Как так получилось, я и сам не знал. Знал лишь, что разбиваю ей сердце. Знал, что мои убеждения в том, что она обязательно повстречает хорошего мужчину, слабо утешали ее. Если я исчезну, я сделаю ей больно. Если останусь рядом как друг, буду и дальше принимать ее заботу и всячески заботиться сам, я сделаю ей больно. Если я позволю себе овладеть ею, разрешу нежности Пенни выйти за грань сестринской добродетели, я сделаю ей больно.
Потому мне оставалось только выбирать, какая боль — наименьшая.
— Пенни, — сказал я, — я люблю одну женщину. Давно люблю. Она живет в моей стране.

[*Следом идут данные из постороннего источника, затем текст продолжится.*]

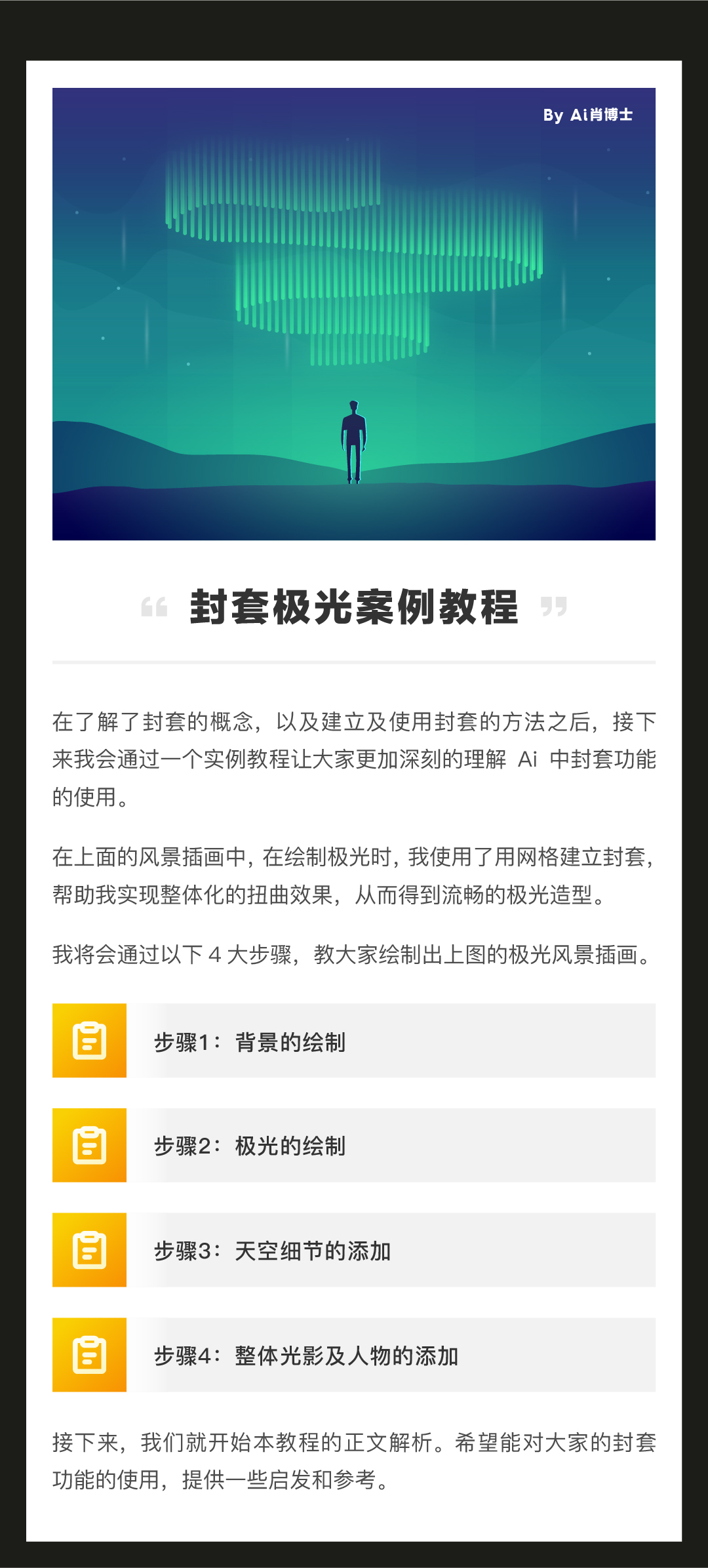 本文介绍了Ai中的封套扭曲及其基本使用方法,并附带封套扭曲极光的教程及源文件,阅读需要20分钟。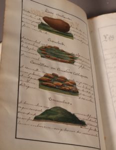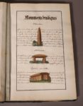 [Manuscrit et collages aquarellés]. « Archeologie » / « Jeanne ». Milieu du 19° siècle, in-folio (36 x 24 cm.), 53 ff. (ctd. 106 pp.) séparées par des serpentes. Texte d'une belle écriture dans un encadrement de filets, orné de très...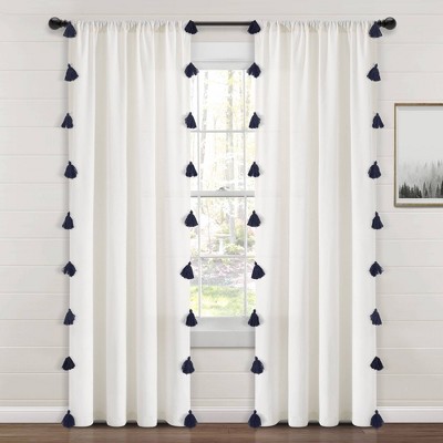 The Shilo Tab-Top Sheer features a global boho side border print and coordinating side tassels. White ground offers versatility with a pop of color. Perfect for creating a light and airy aesthetic, while adding a touch of fashion in any room of the home. Tab tops measure 3 inches and are recommended with up to a 1 inch rod for maximum movement. Curtain rod not included. Sold as a single curtain. 100% dry hand Polyester. Machine washable.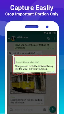 Snipping Tool lets you select which portion of screen you want to take as screen shot.No need to crop or blur your non-essential part of screen,Take screenshot of only highlighted portion of screen and share on the single tap to image.

Пенни кивнула, давая понять, что слышит меня. Она свернулась в позу эмбриона на постели, и ее голова утыкалась мне в бедро. Пенни обнимала себя за плечи, а я гладил ее ладонь с бронзовыми выпуклыми венами. Я водил по ним пальцем.
— Пенни, — сказал я, — думаю, какой-нибудь классный парень из здешних мечтает о такой, как ты. Чистой, преданной, заботливой.
Чак запрыгнул на кровать и улегся прямо под нос к Пенни. Они обнялись сиротливо будто двое бездомных. Глядя на них, я никак не мог удержаться от мысли, что, возможно, сделаю благо, если оставлю Пенни у себя. Пусть она, как Чакки, находится рядом — согревает меня, согревается мной, почему нет? Я же сам сказал, что ни разу не встречал в женщинах собачьей преданности. Но Пенни — уникальный в моей жизни случай. Она словно готова была отказаться от своей человеческой сути, от эго, стереть свою личность.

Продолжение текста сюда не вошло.